> [Input data]:
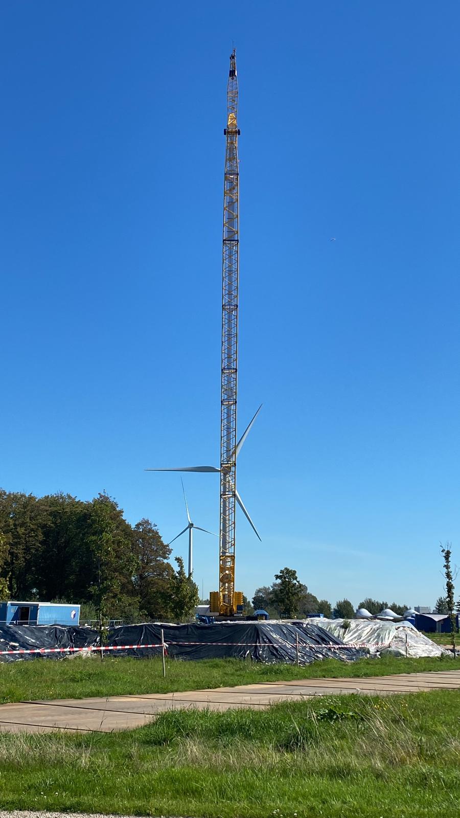 Nog maar een paar weken geleden zagen we hoe de wieken en de onderdelen van de mast met uiterste voorzichtigheid via de Marathonweg naar de bouwplaats werden gereden. Het weer heeft fantastisch meegewerkt want als het maar een beetje waait dan kan zo’n windmolen niet opgebouwd worden. Maar afgelopen week was het bijna windstil. De mast wordt in 3 stukken van elk zo’n 50 ton in elkaar gezet. Dan gaat de gondel er bovenop en worden de onderdelen door een luik in het dak naar binnen getakeld. De gondel staat op 80 meter hoogte; voor deze klus wordt dan ook een kraan gebruikt van maar liefst 100 meter. Vervolgens worden een voor een de wieken aan de rotor vastgemaakt.
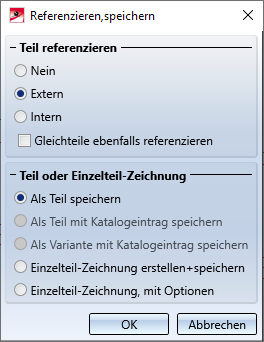 - Ein extern referenziertes Teil lässt sich nur dann als Teil oder Variante in einem Katalog speichern, wenn es zunächst als referenziertes Teil gespeichert wird (
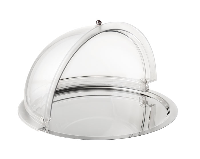Rolltop-Set, 2-teilig , Ø 38 cm, H: 24 cm , 1 Edelstahltablett Ø 38 cm , 1 Rolltophaube Ø 38 cm , rutschfeste Haubenfixierung

> [Task brief]:
Give back the material above word for word; no picture belongs in it.

> [Exercise result]:
 Nog maar een paar weken geleden zagen we hoe de wieken en de onderdelen van de mast met uiterste voorzichtigheid via de Marathonweg naar de bouwplaats werden gereden. Het weer heeft fantastisch meegewerkt want als het maar een beetje waait dan kan zo’n windmolen niet opgebouwd worden. Maar afgelopen week was het bijna windstil. De mast wordt in 3 stukken van elk zo’n 50 ton in elkaar gezet. Dan gaat de gondel er bovenop en worden de onderdelen door een luik in het dak naar binnen getakeld. De gondel staat op 80 meter hoogte; voor deze klus wordt dan ook een kraan gebruikt van maar liefst 100 meter. Vervolgens worden een voor een de wieken aan de rotor vastgemaakt.
 - Ein extern referenziertes Teil lässt sich nur dann als Teil oder Variante in einem Katalog speichern, wenn es zunächst als referenziertes Teil gespeichert wird (
Rolltop-Set, 2-teilig , Ø 38 cm, H: 24 cm , 1 Edelstahltablett Ø 38 cm , 1 Rolltophaube Ø 38 cm , rutschfeste Haubenfixierung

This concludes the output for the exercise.